NCAR Senior Scientist Jeff Anderson, who oversees the Data Assimilation Research Testbed (DART), says that data assimilation has become central for the geosciences. DART is a software environment that helps researchers develop data assimilation methods and observations with various computer models.

“I think the Data Assimilation Program is a huge win for NCAR and the entire atmospheric sciences community,” Anderson said. “The scientific method is about taking observations of the world and making sense of them, and data assimilation is fundamental for applying the scientific method to the geosciences as well as to other research areas.”

From oceans to Sun

Here are examples of how data assimilation is advancing our understanding of atmospheric and related processes from ocean depths to the Sun’s interior:

Oceans. Karspeck is using data assimilation to estimate water properties and currents throughout the world's oceans. This is a computationally demanding task that requires feeding observations into the NCAR-based Community Earth System Model, simulating several days of ocean conditions on the Yellowstone supercomputer, and using those results to update the conditions in the model and run another simulation.

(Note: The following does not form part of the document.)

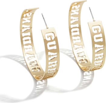 Add some Cleveland Guardians glamour to your outfits with these Large Cutout hoop earrings. BaubleBar and WEAR by Erin Andrews collaborated to create this glossy, gold-plated brass design featuring the team name in a repeating pattern. The post back helps give these Cleveland Guardians earrings a snug fit.

The good news: the resulting simulations match well with historical records, indicating that the data assimilation approach is working. “My goal is to turn this into a viable system for researchers,” Karspeck said.

Air quality. Atmospheric chemists at NCAR are using data assimilation of satellite observations to improve air quality models that currently draw on limited surface observations of pollutants. For example, assimilating satellite observations would show the effect of emissions from a wildfire in Montana on downwind air quality, such as in Chicago. 

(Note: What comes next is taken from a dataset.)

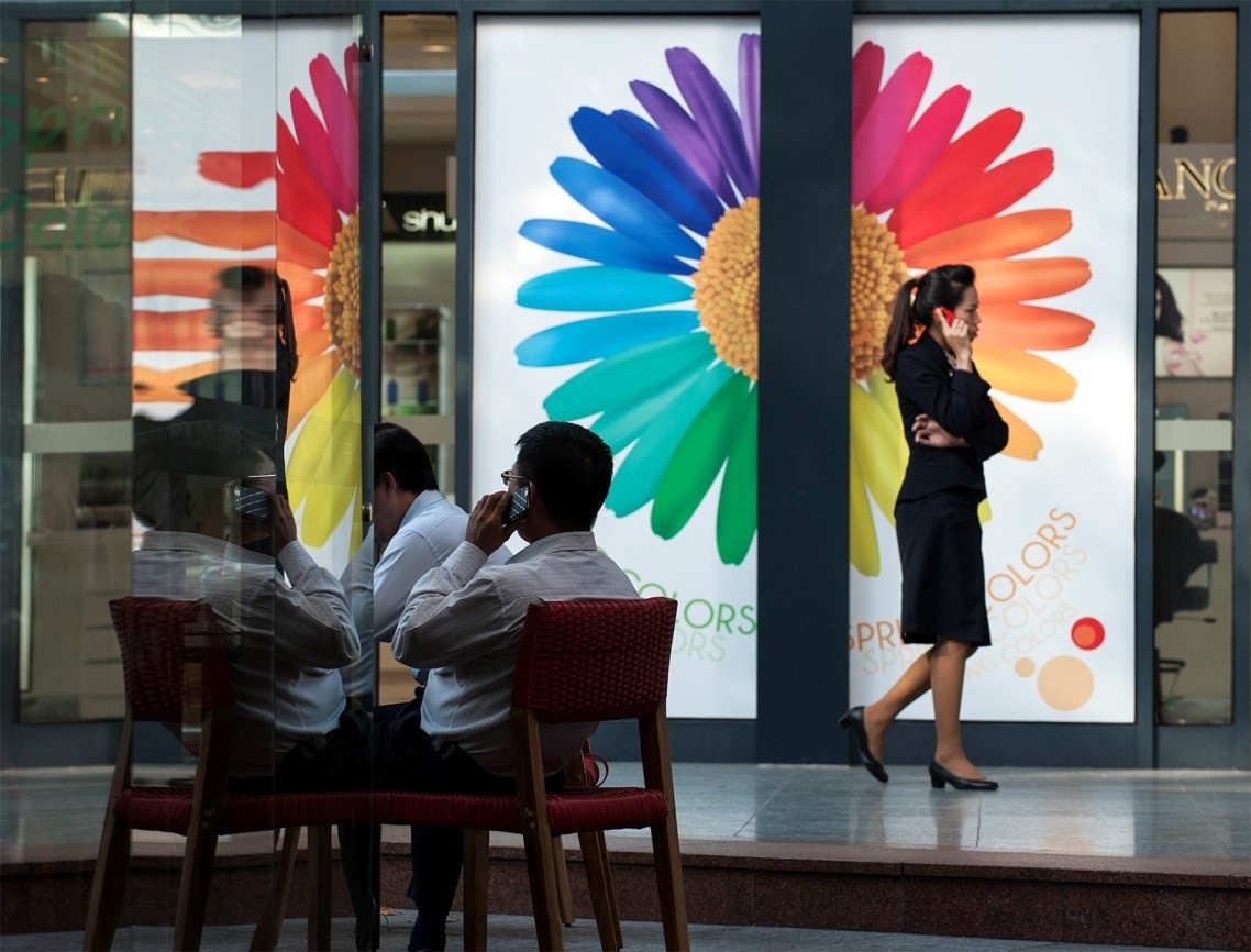 Người ngồi, người đang đi, cả 2 đều bận rộn với công việc qua chiếc điện thoại của mình. Bức ảnh phản ánh một Sài Gòn với cuộc sống văn minh và năng động.

“We've done a lot of work to speed up the processing time and the results are promising," said NCAR scientist Helen Worden. “The model simulations after assimilating satellite carbon monoxide data are much closer to actual air quality conditions.”

Weather forecasting. Data assimilation is helping scientists diagnose problems with weather models. For example, why do models consistently overpredict or underpredict temperatures near the surface? Using data assimilation, NCAR scientist Josh Hacker discovered that models incorrectly simulate the transfer of heat from the ground into the atmosphere.

“With data assimilation, you’re repeatedly confronting the model with observations so you can very quickly see how things go wrong,” he said.

Solar cycle. Scientists believe the 11-year solar cycle is driven by mysterious processes deep below the Sun’s surface, such as the movements of cells of plasma between the Sun’s lower latitudes and poles. To understand the causes of the cycle and ultimately predict it, they are turning to data assimilation to augment observations of magnetic fields and plasma flow at the Sun’s surface and feed the resulting information into a computer model of subsurface processes.

“We are matching surface conditions to the model, such as the pattern and speed of the plasma flows and evolving magnetic fields,” said NCAR scientist Mausumi Dikpati.

Capturing data. In addition to helping scientists improve models, the new Data Assimilation Program is also fostering discussions about observations. NCAR senior scientist Wen-Chau Lee and colleagues who are experts in gathering observations are conferring with computer modelers over how to process the data for the models to readily ingest.

One challenge, for example, is that radars may take observations every 150 meters whereas the models often have a resolution of 1-3 kilometers. Inputting the radar observations into the models requires advanced quality control techniques, including coordinate transformation (modifying coordinates from observations to the models) and data thinning (reducing the density of observations while retaining the basic information).

“We are modifying our quality control procedures to make sure that the flow of data is smooth.” Lee said.

“With data assimilation, the first word is ‘data’,” he added. “Without data, without observations, there is no assimilation.”